TASK TO CARRY OUT
An exact copy of the lines from the top of the data through the line with "빈아_다정한 사람이 되고 싶다면 기본적으로 여유가 좀 필요한 것 같아." is what you should give, with no pictures in it.

INPUT DATA
-------

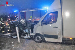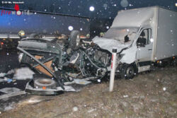 Der erste Einsatz war auch zugleich der tragischste. Kurz nach 06.00 Uhr Früh überschlug sich eine 29- Jährige in einem Pkw mit Badener Kennzeichen. Ein dahinter fahrender Kleintransporter konnte nicht mehr rechtzeitig bremsen und fuhr dem am Dach liegenden Pkw in die rechte hintere Seite. Beide Fahrzeuge verkeilten sich dadurch. Der Pkw wurde seitlich regelrecht aufgerissen. Ersthelfer zogen die Lenkerin aus dem Fahrzeug und begannen noch vor dem Eintreffen der Einsatzkräfte mit den Reanimationsmaßnahmen.
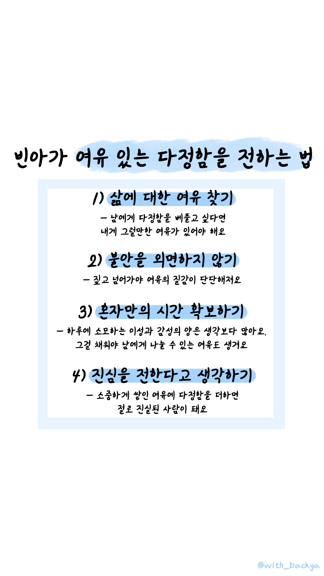 빈아_다정한 사람이 되고 싶다면 기본적으로 여유가 좀 필요한 것 같아.
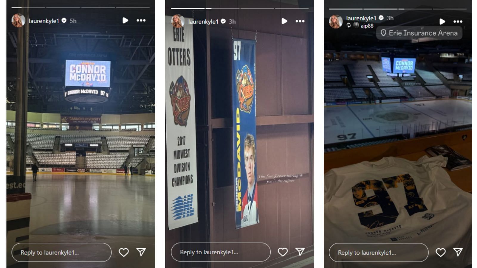 The Otters players took to the ice wearing McDavid-themed jerseys during warm-ups on the night to celebrate the former OHL star. His No. 97 jersey was officially raised to the rafters and Lauren wrote caption for one story featuring Connor McDavid’s #97 banner in the arena.

-------

ANSWER
 Der erste Einsatz war auch zugleich der tragischste. Kurz nach 06.00 Uhr Früh überschlug sich eine 29- Jährige in einem Pkw mit Badener Kennzeichen. Ein dahinter fahrender Kleintransporter konnte nicht mehr rechtzeitig bremsen und fuhr dem am Dach liegenden Pkw in die rechte hintere Seite. Beide Fahrzeuge verkeilten sich dadurch. Der Pkw wurde seitlich regelrecht aufgerissen. Ersthelfer zogen die Lenkerin aus dem Fahrzeug und begannen noch vor dem Eintreffen der Einsatzkräfte mit den Reanimationsmaßnahmen.
 빈아_다정한 사람이 되고 싶다면 기본적으로 여유가 좀 필요한 것 같아.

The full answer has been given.